Сафир помолчал, глядя перед собой. Опустив руку на голову Нуру и перебрав её волосы, заговорил.
— Было так, — начал он. — Однажды Великий Гончар увидел, что красной глины почти не стало, и впервые смешал её с белой, с берегов Нокори. Так появились вы, младшие дети. Он впервые понял, что глина может кончиться, оттого вы меньше ростом и всегда возвращаетесь к нему, чтобы он мог лепить новых. Оттого вы спешите жить, и всегда вам кажется, что можно успеть больше за ваш короткий век. Вам всего мало — власти, земли и славы, и вы делите землю, а мы глядим снисходительно, потому что земля наша. Мы позволяем её делить, раз это даёт вам счастье, но потом вы уходите, всегда уходите, а земля остаётся, и новые дети считают её своей.

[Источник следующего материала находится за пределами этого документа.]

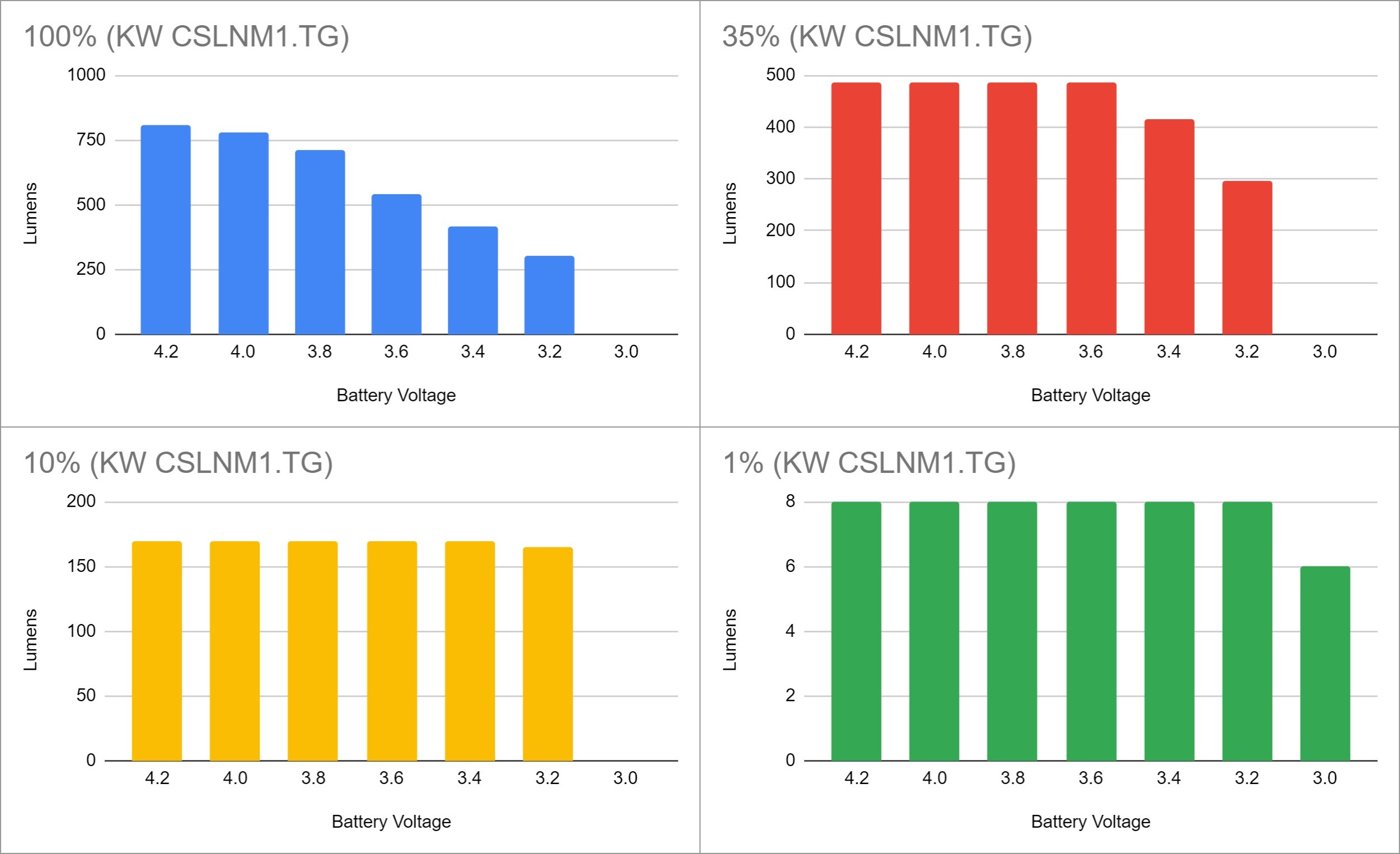 Disclaimer: Lumen measurements were taken on a Texas Ace 3.5″ Lumen Tube. A candela measurement was taken at 10 meters with an Opple Light Master III on the highest brightness, and other candela figures were calculated relative to that. CRI, CCT, & DUV data was taken for each mode from a few feet away at the center of the hotspot with the Opple Light Master and Waveform DUV Calculator. Runtime tests were performed with the Ceilingbounce app on my smartphone. All of these tests were performed with a fully charged Molicel M35A battery unless otherwise specified. I cannot measure moonlight directly, so moonlight readings are calculated based on the brightness relative to the next-lowest mode. None of this is professional equipment, so take all of these measurements with a grain of salt.
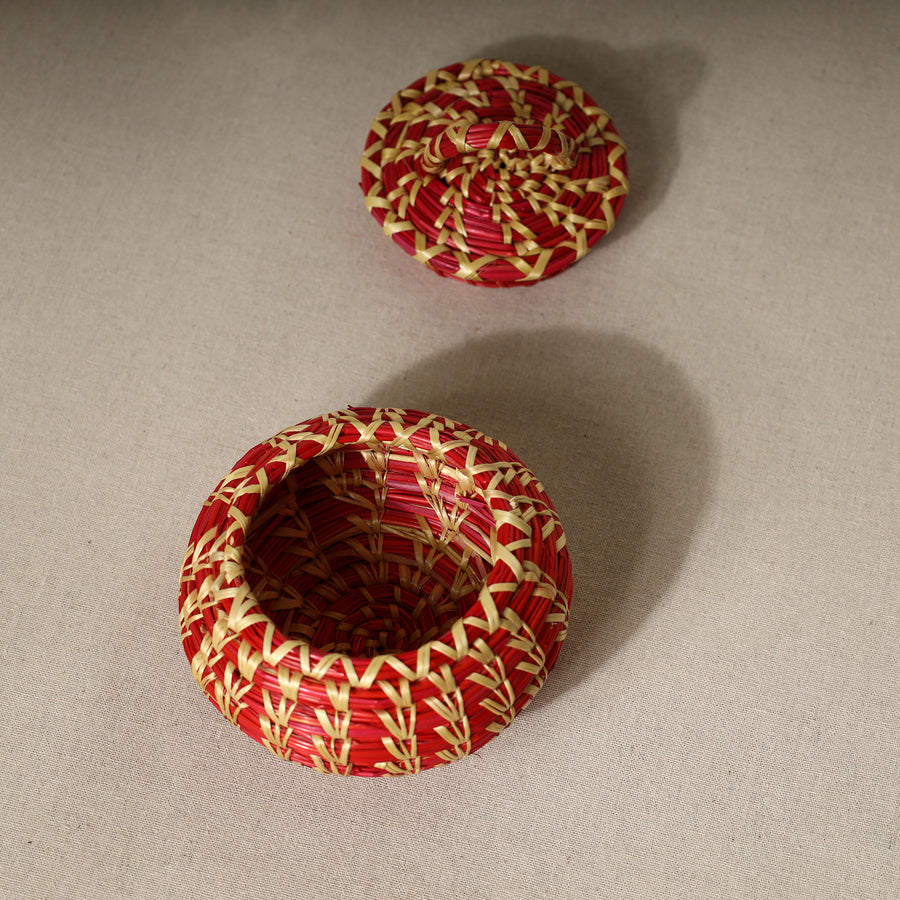 Handcrafted sikki grass weaved red multipurpose utility box, made with natural sikki grass.
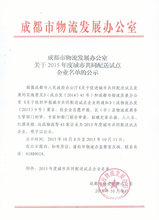 成都市物流發(fā)展辦公室公示2015年度城市共同配送試點(diǎn)企業(yè)名單,四川物通科技集團(tuán)有限公司成為現(xiàn)代物流技術(shù)應(yīng)用類試點(diǎn)企業(yè)。

— Ха! — сказала Нуру. — Ты и правда казался мне совсем другим, когда молчал. Я знала тебя всю жизнь, и всё же не знала. Лучше расскажи о людях с дальних берегов, только рассказывай не скучно. Дай мне забыть о боли и жажде.
— Было так: пришло тёмное время, когда Вануи иссякла, и Великий Гончар в гневе бил по земле, но больше не мог отыскать красной глины. Земля стонала, раскалываясь на части, и куски её падали в море. Великий Гончар оттолкнул их ногой и ушёл, а мы, его дети, ждали, что будет.
— Так появились дальние берега?
— Да, дитя. А после Великий Гончар сотворил людей из одной только белой глины, но они не понравились ему, и он отсадил их подальше. Хуже всех вышли люди из остатков: в белую глину случайно попала синяя. Они некрасивы и оттого злы, и могут убить за один только взгляд, если им покажется, что ты насмехаешься.
Сафир провёл рукой по волосам Нуру и продолжил:
— Великий Гончар убрал пятнистых людей к белым и с этой поры лепил только рыб, зверей и птиц. Но и о неудавшихся детях не забыл, отправил своих братьев, чтобы приглядывали. И люди, живущие далеко, стали почитать его братьев как богов, а о Великом Гончаре забыли. Вот потому, знай, на дальних берегах живут плохие люди, и плохие звери, и плохие рыбы и птицы. Все, на кого он не хотел смотреть. На те земли Великий Гончар вытряхивает золу из печи, холодную и белую, и всё живое замерзает.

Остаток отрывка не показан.